DATA =>
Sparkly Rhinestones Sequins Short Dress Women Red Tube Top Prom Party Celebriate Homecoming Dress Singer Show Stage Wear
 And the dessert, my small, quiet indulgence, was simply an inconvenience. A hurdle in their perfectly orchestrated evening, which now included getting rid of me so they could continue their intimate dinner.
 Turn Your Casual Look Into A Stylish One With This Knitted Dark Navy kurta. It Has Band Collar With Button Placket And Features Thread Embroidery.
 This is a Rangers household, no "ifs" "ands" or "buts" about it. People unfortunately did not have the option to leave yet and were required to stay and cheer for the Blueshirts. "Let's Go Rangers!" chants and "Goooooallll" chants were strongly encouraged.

==

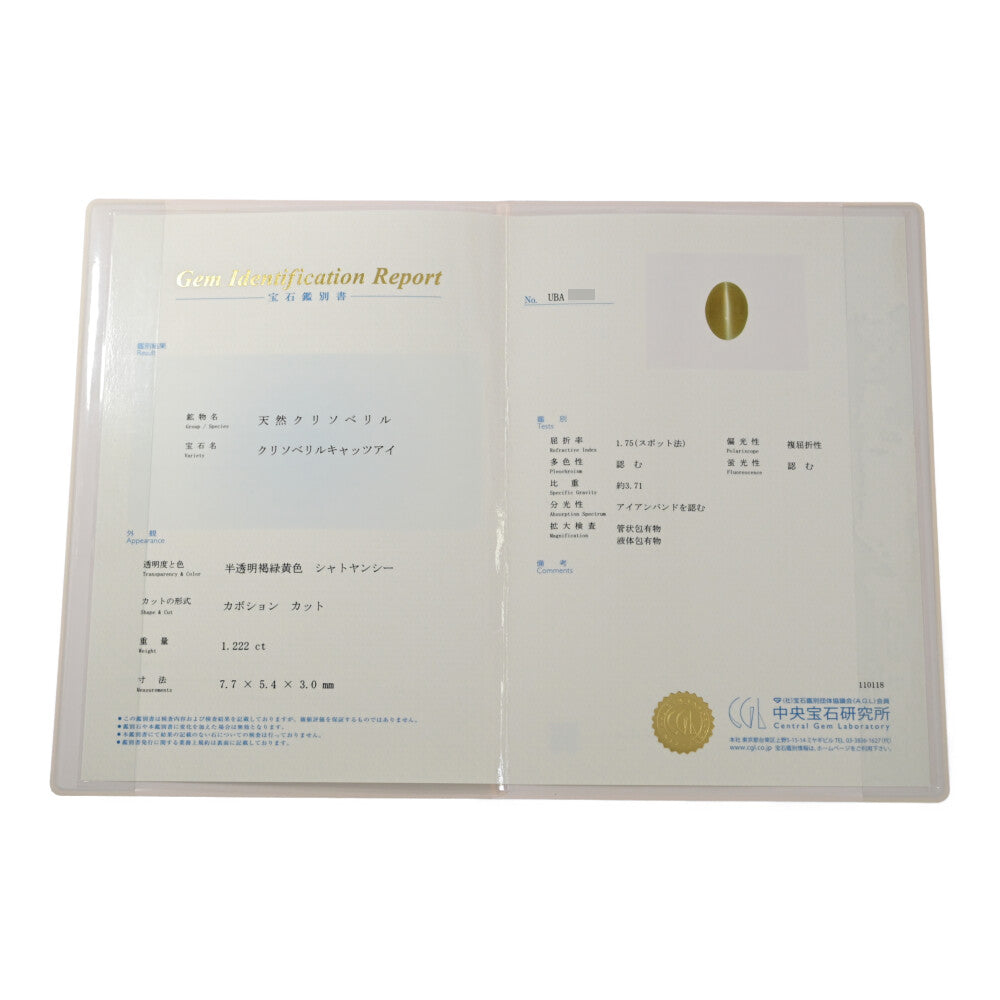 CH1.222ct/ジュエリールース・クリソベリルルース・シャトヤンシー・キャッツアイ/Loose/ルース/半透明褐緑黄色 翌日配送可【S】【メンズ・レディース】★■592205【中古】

EXERCISE DESCRIPTION => Please return only the lines above, starting at the line that has "And the dessert, my" and ending at the line that has "Turn Your Casual", keeping both and leaving each one unchanged.

RESULT =>
 And the dessert, my small, quiet indulgence, was simply an inconvenience. A hurdle in their perfectly orchestrated evening, which now included getting rid of me so they could continue their intimate dinner.
 Turn Your Casual Look Into A Stylish One With This Knitted Dark Navy kurta. It Has Band Collar With Button Placket And Features Thread Embroidery.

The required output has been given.